PROBLEM: Any picture in the material should be left out, while all other lines are copied exactly.

** Opening EXERCISE MATERIALS block **

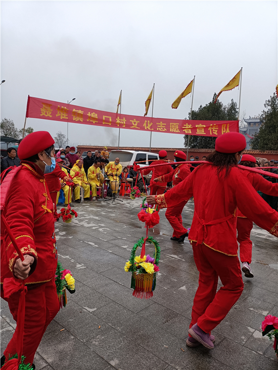 二月二,龍?zhí)ь^。3月14日,西華縣女媧城門前的廣場上,寫著“聶堆鎮(zhèn)埠口村文化志愿者宣傳隊(duì)”的紅色條幅前吸引了眾多游人。這些志愿者們用群眾喜聞樂見的舞獅、戲曲等傳統(tǒng)文藝節(jié)目,自編自演脫貧攻堅(jiān)給村民們帶來的新變化,宣傳黨的富民政策,鼓勵大家參與到鄉(xiāng)村振興工作中。
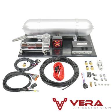 The Evo Bluetooth management allows for in vehicle operation, through included RF remote or through our free iOS or Android app. Three sensor digital gauge allows for easy access to vital air pressure information (front, rear and tank). With LCD display, user defined font and background colors, high/low pressure alerts and voltmeter. Includes all parts necessary for complete air suspension install when paired with TruHart Air Struts.
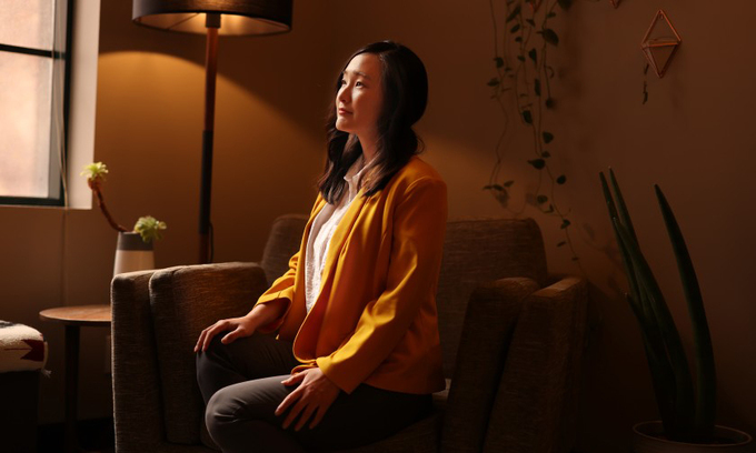 Nhà trị liệu tâm lý người Mỹ gốc Hàn Linda Yoon tại văn phòng của cô ở Los Angeles, bang California. Ảnh: LA Times.
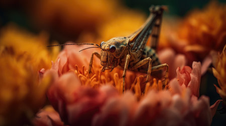 Close up of a vibrant insect showcasing intricate details, vivid colors, and captivating textures ideal for nature and science illustrations
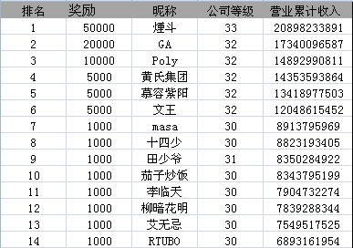 区服 名次 昵称 奖励
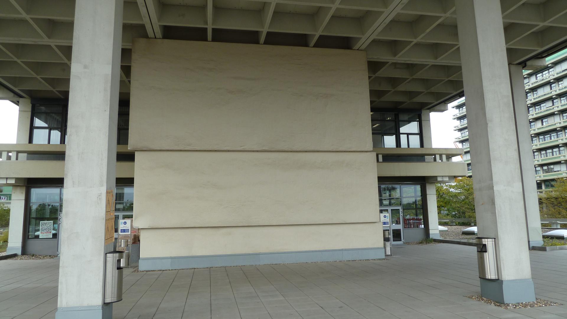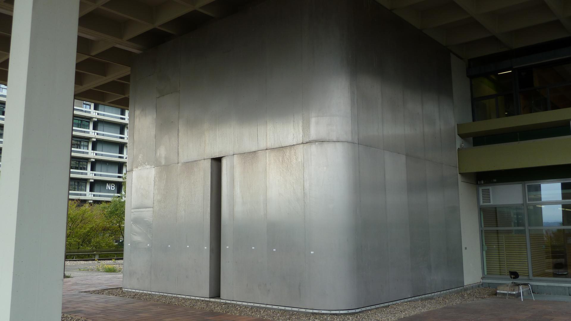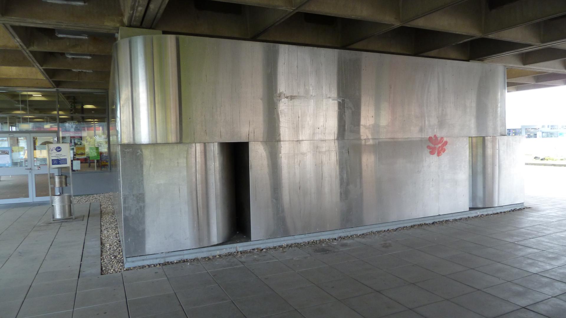 Jos Manders setzte glatte Wände mit abgerundeten Ecken vor den Versorgungskern NC-Nord. An einer Ecke schwingen die Wände nach innen und bilden einen Hohlraum. Dort sollte eine akustische Installation angebracht werden, die nicht realisiert wurde.
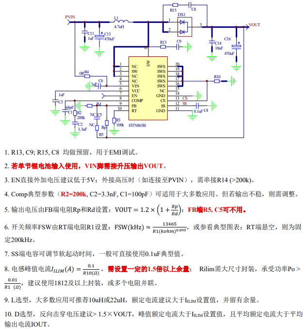 HTN865B通過RT管腳外接電阻調(diào)整開關(guān)頻率,開關(guān)頻率范圍為100KHZ-1000KHZ
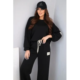 Jemný, mírně elastický materiál s převahou viskózy zajišťuje, že set skvěle padne na postavu a poskytuje komfort nošení po celý den. Mikina má klasický střih s kulatým výstřihem, kalhoty mají elastický pas se šňůrkou a volné nohavice, které zajišťují volnost pohybu.
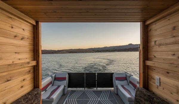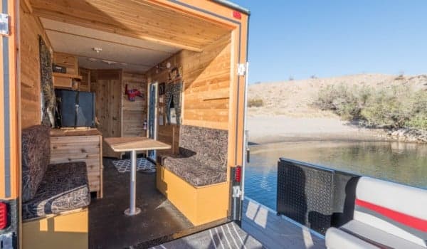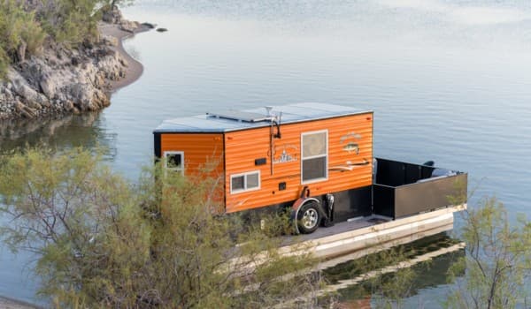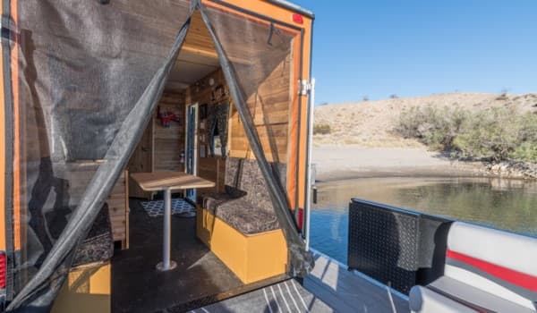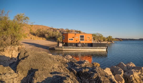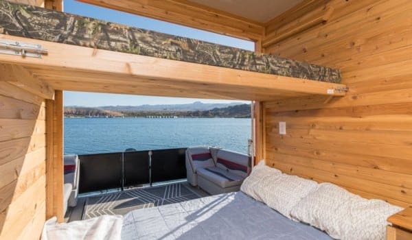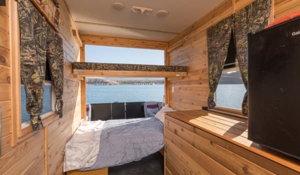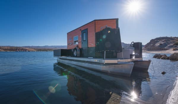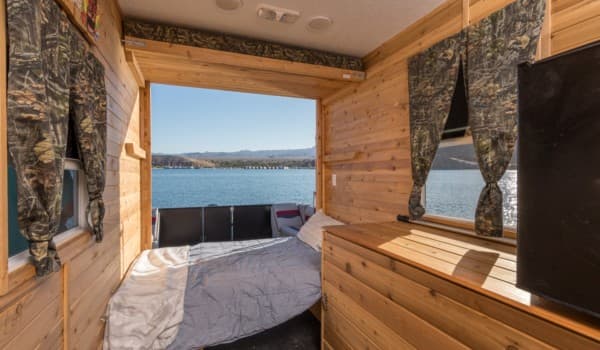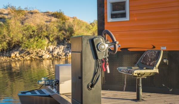Otras características interesantes de esta casa flotante son el tanque de agua dulce, el depósito de aguas grises, un sistema de sonido estéreo y un calentador de agua eléctrico. También se puede usar un radiador de propano para calentar el interior. Su precio arranca en 64.000 dólares, poco más de 60.000 euros, y está disponible en Katherine Landing, Lago Mohave, Arizona.
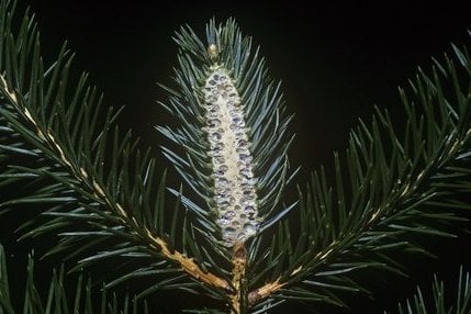 Balsam woolly adelgid, Adelges piceae. This adelgid is found on firs, Abies species. Found on the woody parts of the plant, the white waxy ‘woolly’ areas can become extensive. Large populations can cause buds to fail and twigs to enlarge, a symptom sometimes called gout disease. This insect is becoming more frequent in Britain.
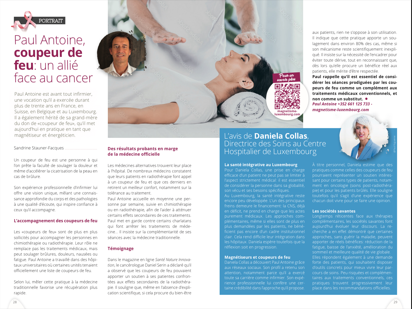 Nous avons rencontré Paul-Antoine, magnétiseur, énergéticien et «coupeur de feu» à Steinfort. Il a la particularité d’avoir mené une carrière en qualité d’infirmier durant 30 ans en France, en Suisse, en Belgique et au Luxembourg. Cela lui donne une autre vision dans sa pratique de magnétiseur, par la connaissance de l’anatomie, du corps humain et des pathologies. Et la profession d’infirmier met naturellement en confiance.

** Closing EXERCISE MATERIALS block **

OUTPUT FOR THIS EXERCISE:
 二月二,龍?zhí)ь^。3月14日,西華縣女媧城門前的廣場上,寫著“聶堆鎮(zhèn)埠口村文化志愿者宣傳隊(duì)”的紅色條幅前吸引了眾多游人。這些志愿者們用群眾喜聞樂見的舞獅、戲曲等傳統(tǒng)文藝節(jié)目,自編自演脫貧攻堅(jiān)給村民們帶來的新變化,宣傳黨的富民政策,鼓勵大家參與到鄉(xiāng)村振興工作中。
 The Evo Bluetooth management allows for in vehicle operation, through included RF remote or through our free iOS or Android app. Three sensor digital gauge allows for easy access to vital air pressure information (front, rear and tank). With LCD display, user defined font and background colors, high/low pressure alerts and voltmeter. Includes all parts necessary for complete air suspension install when paired with TruHart Air Struts.
 Nhà trị liệu tâm lý người Mỹ gốc Hàn Linda Yoon tại văn phòng của cô ở Los Angeles, bang California. Ảnh: LA Times.
 Close up of a vibrant insect showcasing intricate details, vivid colors, and captivating textures ideal for nature and science illustrations
 区服 名次 昵称 奖励
 Jos Manders setzte glatte Wände mit abgerundeten Ecken vor den Versorgungskern NC-Nord. An einer Ecke schwingen die Wände nach innen und bilden einen Hohlraum. Dort sollte eine akustische Installation angebracht werden, die nicht realisiert wurde.
 HTN865B通過RT管腳外接電阻調(diào)整開關(guān)頻率,開關(guān)頻率范圍為100KHZ-1000KHZ
 Jemný, mírně elastický materiál s převahou viskózy zajišťuje, že set skvěle padne na postavu a poskytuje komfort nošení po celý den. Mikina má klasický střih s kulatým výstřihem, kalhoty mají elastický pas se šňůrkou a volné nohavice, které zajišťují volnost pohybu.
Otras características interesantes de esta casa flotante son el tanque de agua dulce, el depósito de aguas grises, un sistema de sonido estéreo y un calentador de agua eléctrico. También se puede usar un radiador de propano para calentar el interior. Su precio arranca en 64.000 dólares, poco más de 60.000 euros, y está disponible en Katherine Landing, Lago Mohave, Arizona.
 Balsam woolly adelgid, Adelges piceae. This adelgid is found on firs, Abies species. Found on the woody parts of the plant, the white waxy ‘woolly’ areas can become extensive. Large populations can cause buds to fail and twigs to enlarge, a symptom sometimes called gout disease. This insect is becoming more frequent in Britain.
 Nous avons rencontré Paul-Antoine, magnétiseur, énergéticien et «coupeur de feu» à Steinfort. Il a la particularité d’avoir mené une carrière en qualité d’infirmier durant 30 ans en France, en Suisse, en Belgique et au Luxembourg. Cela lui donne une autre vision dans sa pratique de magnétiseur, par la connaissance de l’anatomie, du corps humain et des pathologies. Et la profession d’infirmier met naturellement en confiance.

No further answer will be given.